So a box was chosen and then Miles would try to offer to buy them back with various amounts of cash. The boxes contained either one of three booby prizes, six other prizes (which I believe were shown at the beginning of the programme) or a star prize. I still remember the vicious laughs of the audience when a box was opened to reveal a stick of celery or some other equally useless prize. Also the joy on the contestant's faces when Miles uttered those immortal words "You have won tonight's star prize". The whole show was given a touch of class by the smooth voice overs from Bob Danvers-Walker. One wag on being subjected to some quite strong pressure from Miles to "Take the Money" replied with something like "I wouldn't take the money even if you offered £200 (a large sum of money in those days)." to which Miles offered £200 and the contestant immediately replied "I'll take the money." Ha ha ever been had?
In addition the audience was roped in to holler either "Take the Money" or "Open the Box". If you are really lucky you can still hear these shouts today. They turned the show into more of a gladiatorial fight. There was also the added excitement of Box 13. Each week one box was linked with Box 13. If this box was picked by the contestant their options were increased to "taking the money," "opening their original box which could contain anything from a major to a booby prize" or "opening Box 13" (which spookily could contain anything from a major to a booby prize)!
Sadly Michael Miles died at the early age of 52. There were rumours of alcohol abuse, but in reality he suffered from epilepsy.

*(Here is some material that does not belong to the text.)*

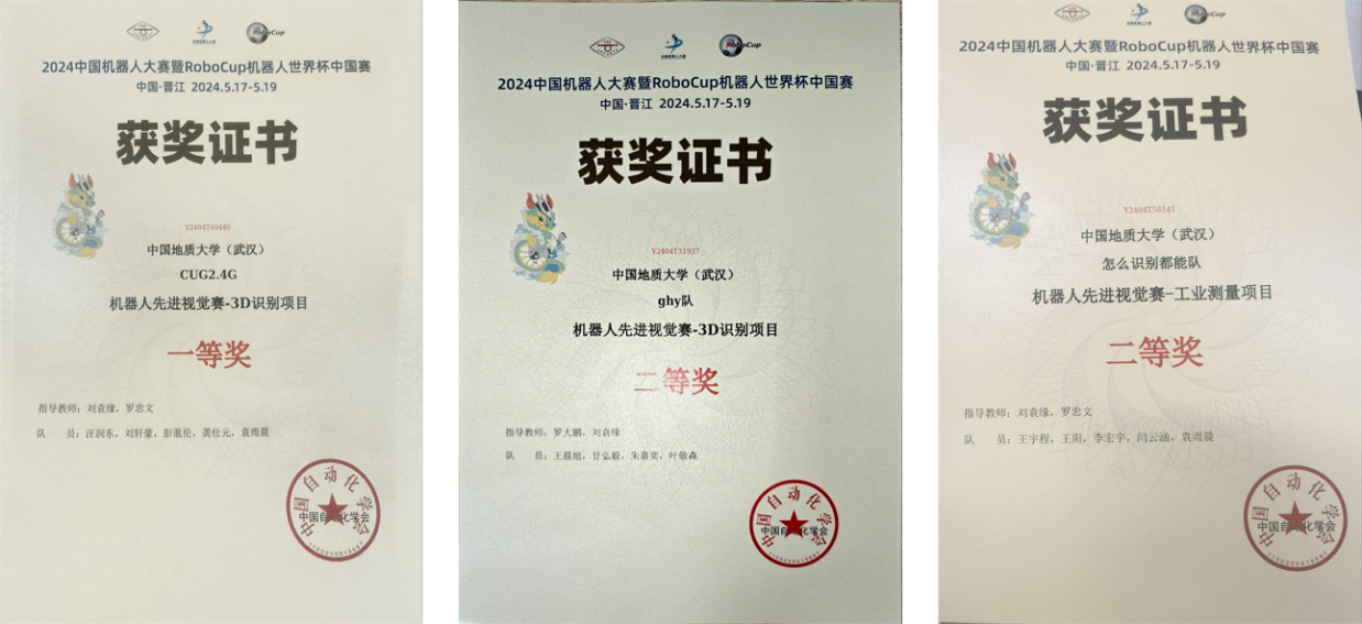 在老师的引领下,三支队伍深入研究,克服困难,紧密合作。他们从数据采集到模型部署,再到算法的反复测试和迭代优化,日夜奋斗,不断进步,他们的努力最终得到了回报。在3D识别赛项中,由球友会的汪润东、刘轩豪、彭胤伦、龚仕元组成的CUG2.4G队表现出色,荣获国家一等奖;机械与电子信息公司的王晨旭、甘弘毅、朱嘉奕、叶敬森组成的ghy队荣获国家二等奖。同时,在工业测量赛项中,球友会的王宇程、王阳、李宏宇、闫云涵组成的怎么识别都能队展现实力,荣获国家二等奖。

He appears to have been a much nicer character in real life than Hughie Green who regularly referred to him as "my dad."
Take Your Pick does have the distinction of being the first British television quiz show to offer money as prizes.
Now I feel a change of genre coming on as we turn to two western series.
Wagon Train and Rawhide (with apologies for talking about theme music again).
I have three memories of Rawhide. 1/ It seemed to be on television all the time 2/ It featured Clint Eastwood and 3/ It had a signature tune by Frankie Laine that somebody bought for me on a 78 and the words were something like: Rollin rollin/Keep them doggies rollen/Rawhide. Never could understand where the dogs came into the equation. Anyway I have since found that the above lyrics weren't quite spot on but there's too little time to bother about that at the moment.
Rawhide ran from 1959 to 1966 and surrounds the movement of cattle from Missouri to Texas (I know this as I looked it up on the internet). Of course as I was only seven years old at the time I had no idea about the geographic sensibilities or the distances involved or the point of it all. No I was more impressed with the old can that Clint Eastwood used to drink out of (or am I getting mixed up with Wagon Train already?).
Apparently only about 200 head of cattle were used in the filming to represent the herd of 3,000. They must have run around a bit in order to look like a real crowd. I can't remember a single storyline but what the heck. I do know that Eastwood played the part of Rowdy Yates. Couldn't understand that first name as I thought it meant he was rather incontrollable - probably had a brother called Rowdy Behaviour.
At the end of each episode the boss used the immortal words "Move em on/Head em out" which was probably the signal for my mother to make a cup of tea!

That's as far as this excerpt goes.